Friday, September 12, 2003

I'M JUST STALLING

Physicists say there is no such thing as empty space. Even a vacuum is filled with little marvels of matter or anti-matter, non-matter, subatomic matter or some such matter. None of that really matters to me, I only mentioned it because I had nothing to write about and I wanted to make sure I didn't blow the rules of physics by leaving this space empty today.

I have to admit, I was tempted. I woke up from my nap and realized it was Friday, which is always a nice feeling, but it rarely inspires me to action.

Then I remembered that I was at a local hospital yesterday because my friend Sam was getting a snout-reroute. While there I stumbled upon something I have never seen before...oddly enough in a Men's room.




Yes, that's a urinal.

No, it's not the first one I've ever seen.

However it is the first urinal I can ever remember seeing that had its own stall.

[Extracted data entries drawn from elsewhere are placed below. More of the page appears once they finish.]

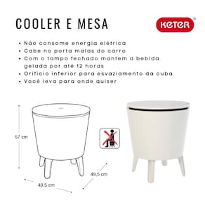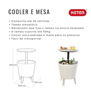 Cooler Mesa Bistrô com Iluminação LED Keter | Exclusividade com Estilo e Funcionalidade|Conheça o Cooler Mesa Bistrô Iluminado com LED da Keter, uma exclusividade que une design premiado, praticidade e inovação para tornar seus momentos ao ar livre ainda mais especiais. Ideal para varandas, jardins, festas e churrascos noturnos, este produto oferece o equilíbrio perfeito entre mesa de apoio, balde térmico e iluminação ambiente.||Com estrutura inspirada no clássico Cool Bar Keter, o modelo iluminado conta com LEDs recarregáveis embutidos que realçam a experiência noturna com charme e sofisticação. A cuba térmica de 37L mantém suas bebidas geladas por até 12 horas, enquanto o tampo retrátil pode ser elevado até 84,5 cm para se transformar em uma mesa estilo bistrô.||Beleza, praticidade e inovação em um só produto. Seja para servir petiscos ou manter as bebidas sempre à mão, o Cooler Bistrô com LED é a escolha ideal para anfitriões exigentes e eventos memoráveis.||Diferenciais do Produto|Exclusivo da Keter: modelo iluminado com LED recarregável embutido|3 em 1: cooler, mesa de apoio e peça decorativa com iluminação|Tampo retrátil: eleva-se até 84,5 cm, transformando-se em mesa bistrô|Cuba térmica de 37L: armazena até 42 latas (aproximadamente)|Isolamento térmico: mantém as bebidas geladas por até 12 horas com a tampa fechada|Válvula de escoamento: facilita a drenagem da água após o uso|Fácil de limpar: não enferruja, não mancha e pode ser lavado com água|Visual moderno: ideal para compor ambientes externos com elegância||Medidas do Produto|Fechado: 49,5 cm (A) x 49,5 cm (L) x 57 cm (P)|Com tampo elevado: altura total de 84,5 cm|Capacidade: 37 litros|Armazena até: 42 latas (aproximadamente)||Dados de Embalagem|Peso total: 6 kg|Altura: 50 cm|Largura: 50 cm|Profundidade: 41 cm||SKU: 17204184|EAN: 7290106933866||Informações Importantes||Produto promocional: condições válidas enquanto durarem os estoques|Preços e condições válidos apenas para compras no site Keter Online|Não requer montagem: siga apenas as instruções de uso do fabricante|Evite produtos químicos na limpeza: utilize apenas água|Consulte nossa política de trocas e devoluções para garantir seus direitos
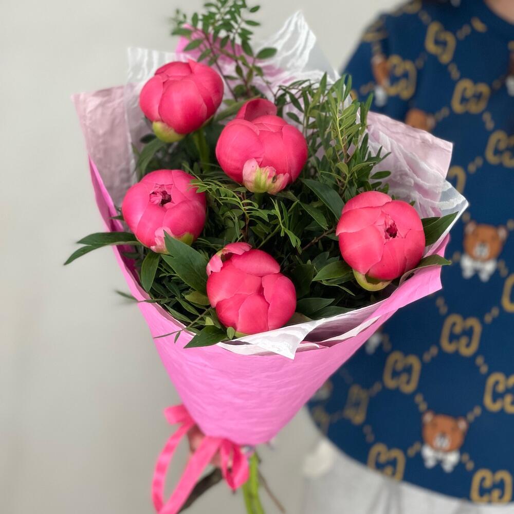 5 коралловых пионов с зеленью и оформлением
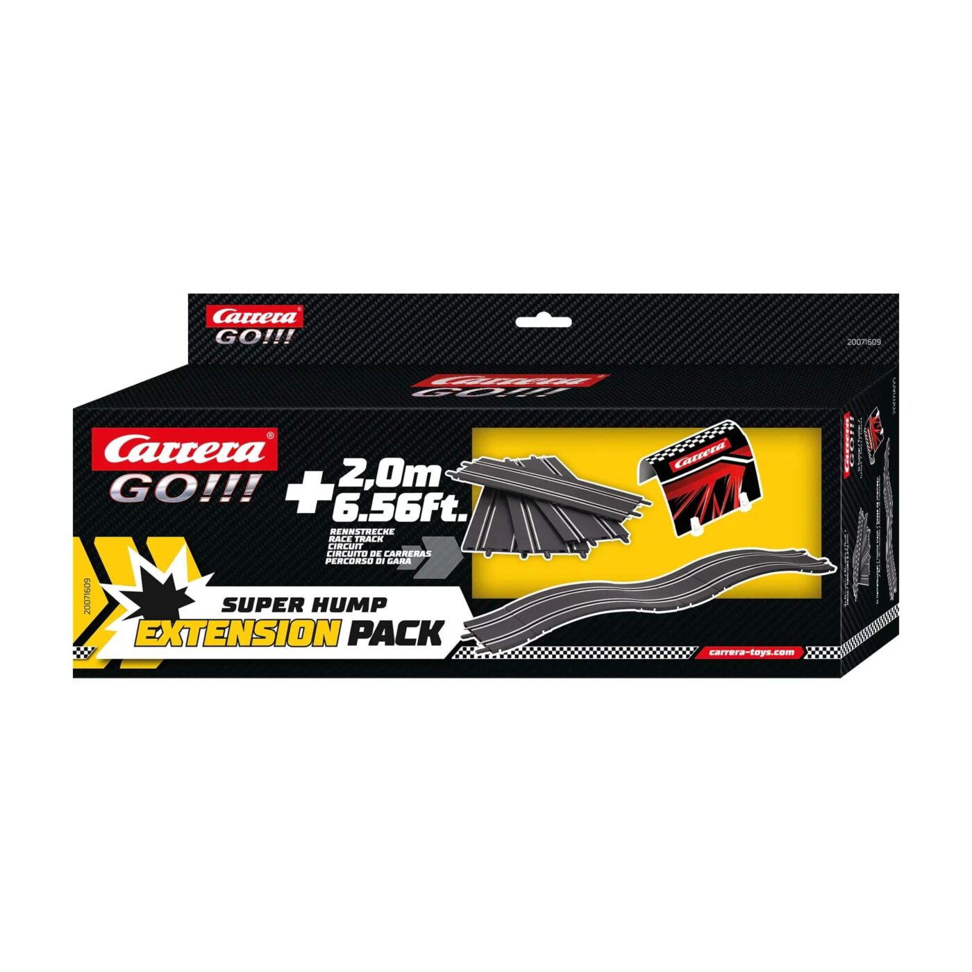 Take your Carrera GO!!! racing to the next level with the Carrera Super Hump Extension Pack (20071609). Add 2.0 m (6.56 ft) of new track sections that lift your cars high above the competition! With curved ramps, bridge supports, and a finishing gate, this pack adds more excitement, height, and challenge to your existing Carrera GO!!! Or GO!!! Plus track system.
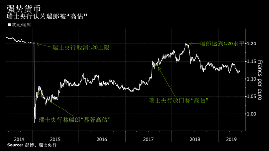 自金融危机爆发以来,身为避险货币的瑞郎已大幅升值,抑制了经济增长和通货膨胀。瑞士央行认为瑞郎“被高估”。它使用的-0.75%的存款利率和干预市场的承诺来遏制瑞郎升值。
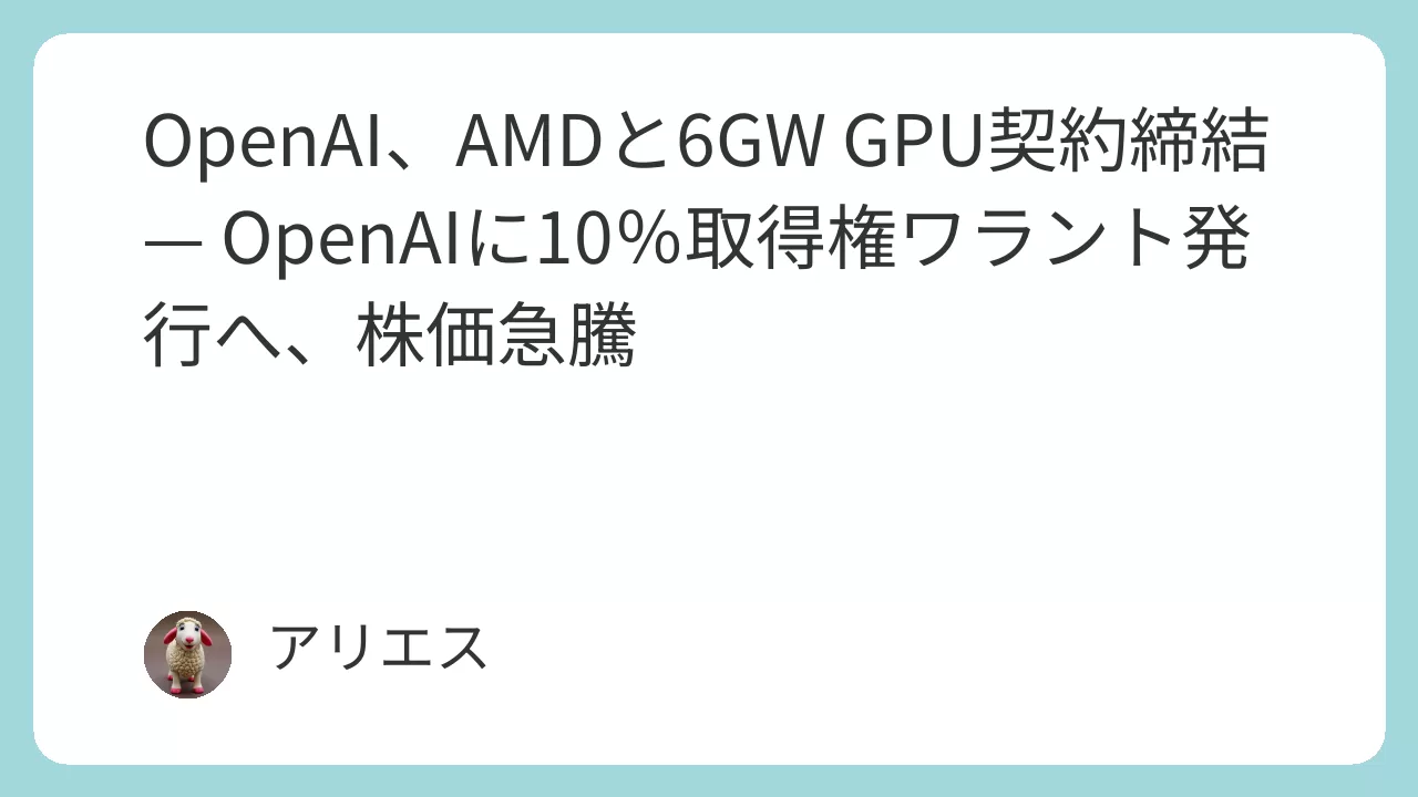 この発表は、AI業界におけるGPUサプライチェーンの再編を象徴する出来事となった。OpenAIがNVIDIA、AMD両陣営と並行して連携を進めるなか、次世代AIモデルのトレーニング基盤がどのように構築されていくのかが、今後の焦点となる。
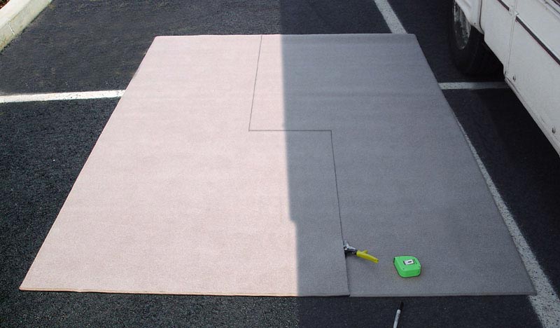 Total cost for my quick-and-dirty recarpeting job: just over $40 in materials and four hours' labor. I actually enjoyed sitting out there in the parking lot, working at my own pace with Paul Desmond playing on the stereo. And the result looks great and feels good underfoot. (Why shouldn't it, with two layers of cushioning underneath it—the original padding and the Lazy Daze carpet?) Here's how the old and new carpet compare—you can see how much lighter the new carpet is! It makes the whole interior feel that much lighter. (See the panorama above for comparison!)
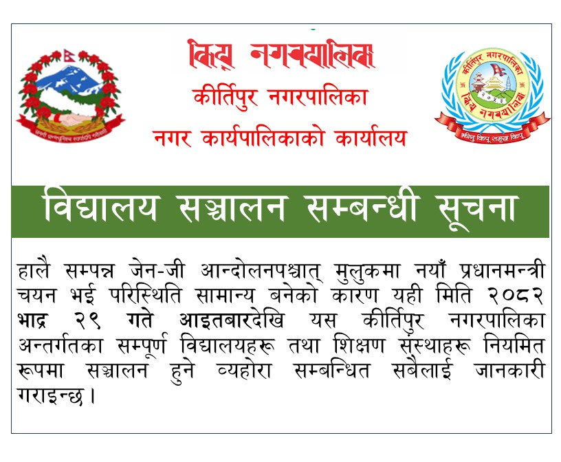 साँस्कृतिक र प्राकृतिक सम्पदायुक्त, शैक्षिक एवं पर्यटकीय शहर स्वच्छ हराभरा, समाबेशी तथा समुन्नत हाम्रो कीर्तिपुर नगर !
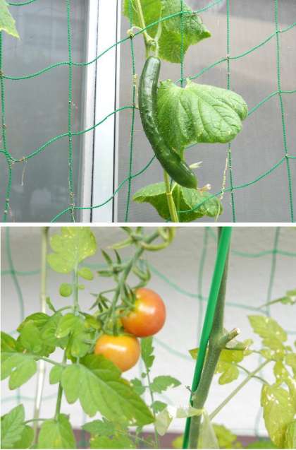 支援学級で育てているキュウリやミニトマトの様子です。大きなキュウリがおいしそうですよ。
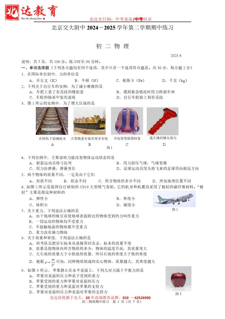 2025北京各区初二期中考已陆续开始,admw360教研组整理了2025北京交大附中初二(下)期中物理试题,分享给大家。
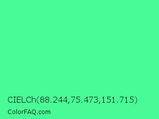 CIELCh 88.244,75.473,151.715 Color is a light green color and the nearest color is Very Light Malachite Green #64e986. Hex code #48fb96 and RGB value is rgb(72,251,150). In RGB color space, this color is composed of 28% red, 98% green, 59% blue, In CMYK color space, this color is composed of 71% cyan, 0% magenta, 40% yellow , 2% black , In HSL color space, this color has a hue angle of 146° , 96% saturation and 63% lightness.
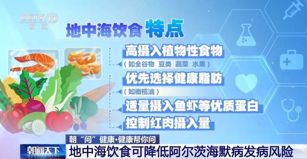 最新研究显示,地中海饮食有助于降低阿尔茨海默病的发病风险,尤其是遗传风险较高的人群。
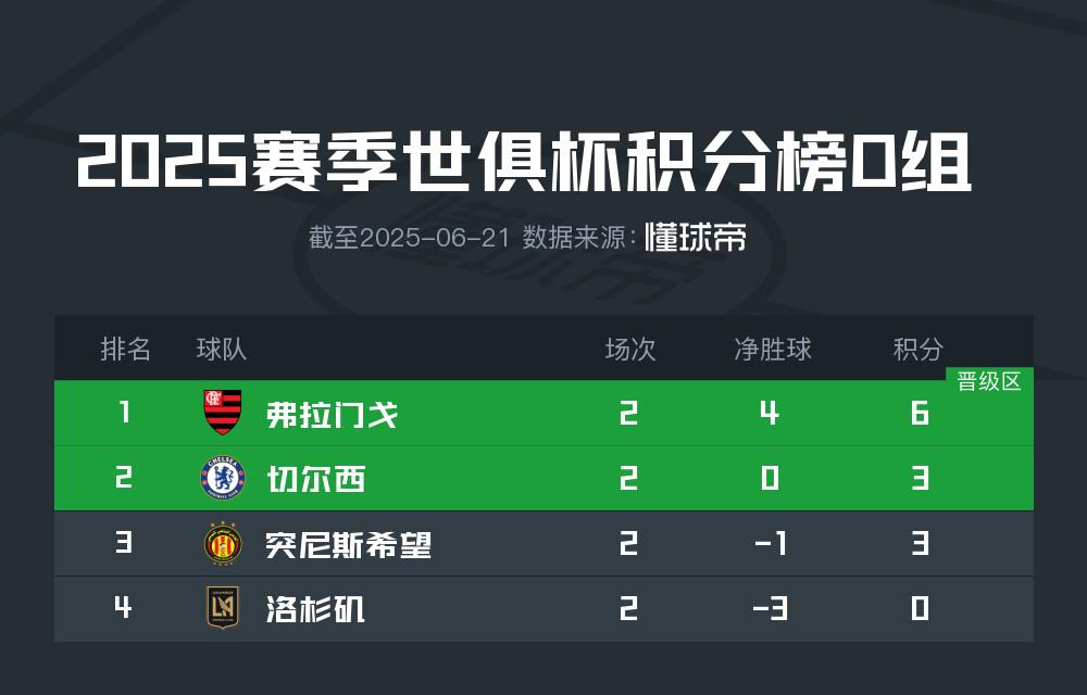 2025年世俱杯D组小组赛前两轮战罢,在洛杉矶FC0-1突尼斯希望的比赛后,弗拉门戈已经锁定小组出线名额,洛杉矶FC出局。切尔西和突尼斯希望同积3分,在最后一轮将迎来直接交手,切尔西打平即可出线。
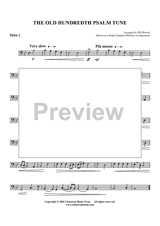 "The Old Hundredth Psalm Tune - Tuba 1" Sheet Music by Traditional
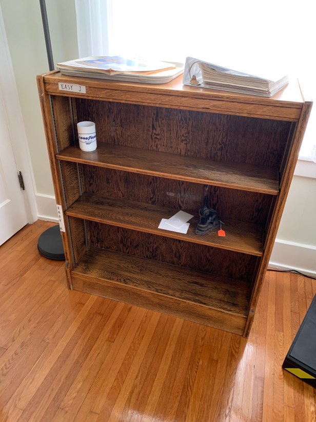 Description: Oak shelving unit originally purchased for books for library at Memorial Building (1938-1975) in use for children’s section of Library, 21 Broadway, (1975-2020).
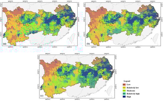 As illustrated in Figure 3, the evaluation outcomes of RECC are classified into five levels using the natural breaks method, also known as the Jenks optimization algorithm, which detects sudden shifts or change points in variables and is specifically intended to determine optimal breakpoints that divide a dataset into homogeneous groups [34]. The classification levels are high, relatively high, moderate, relatively low, and low. These levels correspond to the evaluation results for the years 2010, 2015, and 2020, marked as a, b, and c, respectively. High-level RECC areas, indicating a strong resource supply and environmental capacity, support economic and social development. By contrast, areas with low-level RECC require measures to reduce resource consumption, alleviate environmental pressures, and enhance resource management, offering insights for sustainable development policies. The findings reveal a spatial distribution pattern of RECC levels in the YREB, decreasing from east to west. Notably, the Yangtze River’s middle and lower plains and certain areas of the Sichuan Basin exhibit significantly higher RECC values. This is because these regions are characterized by rapid economic growth, advanced urbanization, and higher per capita GDP, resulting in a superior socio-economic development level. Additionally, the potential for agricultural production and the effectiveness of arable land irrigation are substantial, enhancing the carrying capacity for water and land resources. This trend highlights the need for continued investments in urban infrastructure and resource management to maintain and enhance RECC in these already high-performing areas. Conversely, the RECC in the western Sichuan Plateau, Yunnan—Guizhou Plateau, and southeastern hilly areas is markedly lower. These areas exhibit lower urbanization levels, reduced population density, diminished per capita GDP, and a weaker socio-economic carrying capacity. The disparity in RECC between these regions and the more developed eastern areas may be attributed to the challenges of geographical barriers, limited access to infrastructure, and lower industrialization. Addressing the socio-economic disparities through targeted policy measures such as infrastructural development, investment in education, and support for sustainable agricultural practices could help improve RECC in these less developed regions.
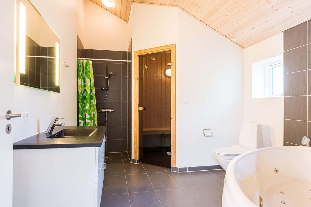 This lovely holiday home is located in the middle of beautiful, nature-filled Nymindegab, in peaceful surroundings surrounded by fir trees and rich wildlife. You will find pure idyll here. The holiday home has several nice terraces with sun and shelter. The bright living room and kitchen are open plan - from the living room there is a nice view of the lovely area. The wood-burning stove in the living room spreads warmth and cosiness. There is underfloor heating throughout the holiday home. All rooms are bright and spacious. The holiday home also has a lovely activity room with billiards, darts, table tennis and PlayStation 3 (games must be brought with you). In addition, there is also a spa and sauna in the large bathroom. So if the weather is not favourable, there are many opportunities for indoor entertainment. The holiday home is suitable for wheelchair users. Free final cleaning!
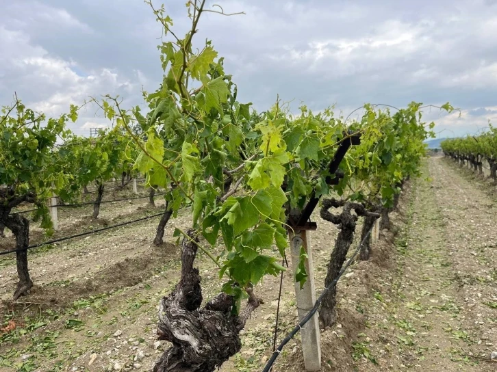 Denizli’de etkili olan dolu yağışı üzüm bağlarında zarara yol açtı. Denizli’nin Buldan ilçesinde meydana gelen dolu yağışı üreticileri olumsuz etkiledi. İlçe merkezinin yanı sıra Yenicekent, Oğuz, Doğanköy ve Bölmekaya mahallelerindeki yetiştirilen üzüm bağlarında asma yapraklarına ve yeni yetişmeye başlayan üzümlere zarar verdi. Çekirdeksiz Sultaniye üzümünün bulunduğu bağlarda büyük ölçüde zararın oluştuğu görüldü. Özellikle gelişmekte olan üzümlerin büyük zarar gördüğünü ifade eden Buldan Çiftçi Mallarını Koruma Derneği Başkanı Özkan Gümüş, “Yaptığımız tespitlere göre bağlarda yüzde atmış ila yüzde seksene varan zararlar var. Tüm çiftçilerimize geçmiş olsun dileklerimi iletiyorum” dedi. Zararının büyük olduğunu ifade eden üretici Osman Erkan, “Bir anda bastıran dolu yağışı nedeniyle bağlarımızdaki asmalarımız büyük zarar gördü. Tam şu anda çiçek üstü dediğimiz durumdaydı. TARSİM den ve büyüklerimizden bizlere yardım eli uzatmalarını ve derdimize derman olmalarını talep ediyoruz” ifadelerini kullandı.
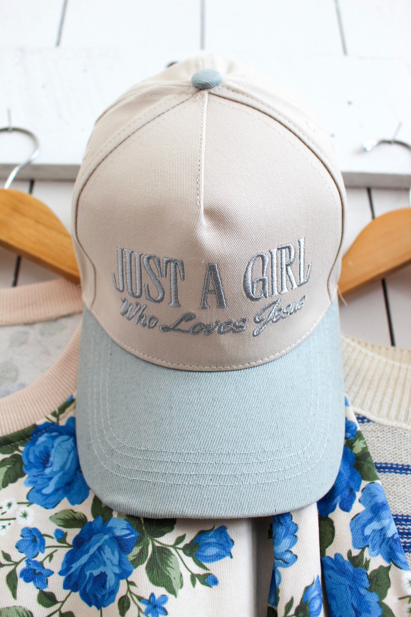 Just A Girl Who Loves Jesus Trucker Hat • Frost Blue
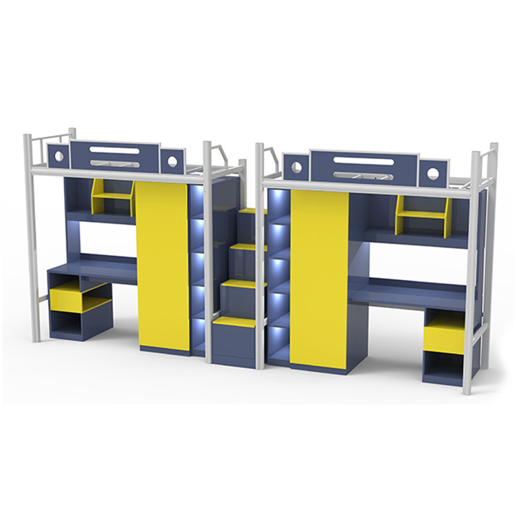wholesale school furniture college student dormitory bedroom steel loft bed with desk and drawer
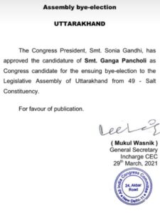 देहरादून, (गढ़वाल का विकास न्यूज)। उत्तराखंड की सल्ट विधानसभा सीट पर होने वाले उप चुनाव के लिए कांग्रेस ने भी अपना प्रत्याशी घोषित कर दिया हैं। कांग्रेस भाजपा हाईकमान ने इस सीट पर गंगा पंचोली को अपना प्रत्याशी बनाया हैं।
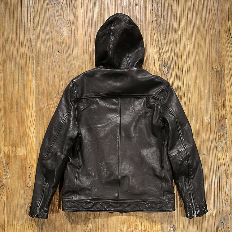 直拉连帽休闲真皮卫衣男时尚运动休闲全植鞣水洗绵羊皮皮衣
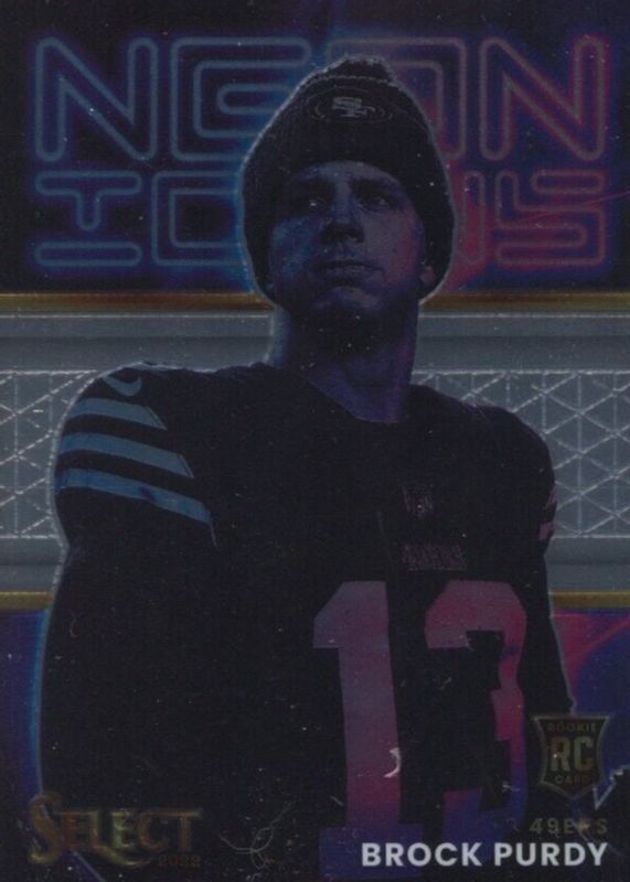 The Brock Purdy 2022 Select #NI-15 Neon Icons Rookie card in Raw condition has moved down -$7.50 (-50.0%) in the last 30 days and was last sold for $7.50 .
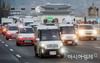 2일 서울 세종대로에서 안전운전 다짐 선서를 마친 집배원들이 초소형 전기차를 타고 퍼레이드를 하고 있다. /문호남 기자 munonam@ |

For those of you who might not be as intimately acquainted with such places due to your gender, the traditional arrangement is for urinals to be free standing. Privacy is not required because men have an unwritten rule to always face forward while standing at such places. This not only prevents embarrassing comparisons, but also decreases the odds that you'll ruin some stranger's shoes.

I've been in my share of Men's rooms but, until yesterday, I had never seen a urinal in its own tiny stall. Maybe this is more common than I thought, perhaps these are everywhere, like subatomic particles, and I've never noticed. In any case, it was a first for me.

This was, as they say in the land of un-gentry, a "two-holer" restroom. So there were two stalls.

The second contained the more common commode arrangement.

I will always remember this restroom and, like it or not, I will always associate it with a game show.

Everyone who enters must make a choice.

Door Number One? Or Door Number Two?